* [DATA SHOWN]
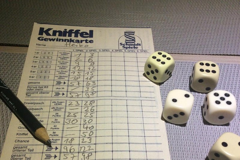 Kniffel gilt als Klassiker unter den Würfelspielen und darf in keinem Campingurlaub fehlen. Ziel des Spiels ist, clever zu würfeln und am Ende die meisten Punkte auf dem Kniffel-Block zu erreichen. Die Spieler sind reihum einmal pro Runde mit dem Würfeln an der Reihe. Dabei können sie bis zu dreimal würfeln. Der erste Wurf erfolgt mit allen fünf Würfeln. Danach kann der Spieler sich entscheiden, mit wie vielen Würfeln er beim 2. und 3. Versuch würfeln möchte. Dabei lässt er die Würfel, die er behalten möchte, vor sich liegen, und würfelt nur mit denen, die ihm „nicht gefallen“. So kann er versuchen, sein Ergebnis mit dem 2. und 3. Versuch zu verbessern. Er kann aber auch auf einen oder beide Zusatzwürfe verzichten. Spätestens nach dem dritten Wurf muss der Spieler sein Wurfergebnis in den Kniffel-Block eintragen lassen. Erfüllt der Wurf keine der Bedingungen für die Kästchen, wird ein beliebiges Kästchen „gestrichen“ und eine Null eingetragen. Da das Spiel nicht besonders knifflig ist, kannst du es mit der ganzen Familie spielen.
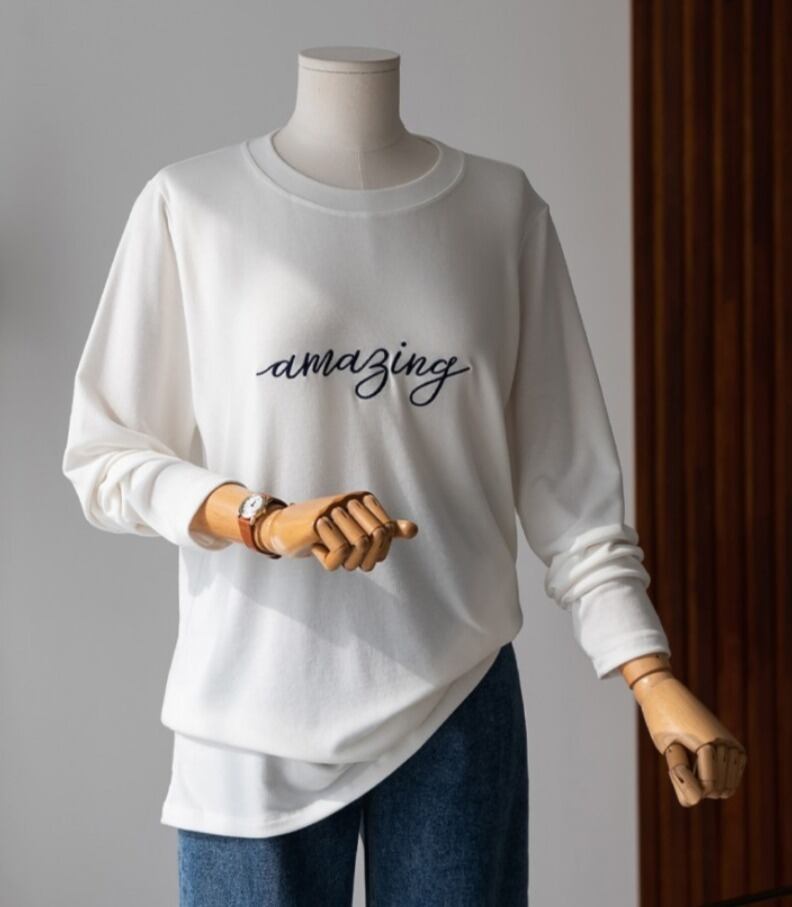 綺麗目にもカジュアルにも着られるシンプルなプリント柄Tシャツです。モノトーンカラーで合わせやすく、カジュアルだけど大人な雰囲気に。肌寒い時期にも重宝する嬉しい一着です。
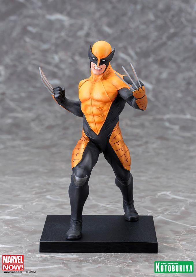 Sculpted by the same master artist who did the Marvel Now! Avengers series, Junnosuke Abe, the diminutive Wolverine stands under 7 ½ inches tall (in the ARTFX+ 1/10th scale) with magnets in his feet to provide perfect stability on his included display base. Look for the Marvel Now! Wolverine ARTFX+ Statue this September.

* [REQUIRED ACTION] From the line that contains "綺麗目にもカジュアルにも着ら" to the end of the material above, output every line exactly, both ends included, but leave out any pictures.

* [ANSWER TO THIS EXERCISE]
 綺麗目にもカジュアルにも着られるシンプルなプリント柄Tシャツです。モノトーンカラーで合わせやすく、カジュアルだけど大人な雰囲気に。肌寒い時期にも重宝する嬉しい一着です。
 Sculpted by the same master artist who did the Marvel Now! Avengers series, Junnosuke Abe, the diminutive Wolverine stands under 7 ½ inches tall (in the ARTFX+ 1/10th scale) with magnets in his feet to provide perfect stability on his included display base. Look for the Marvel Now! Wolverine ARTFX+ Statue this September.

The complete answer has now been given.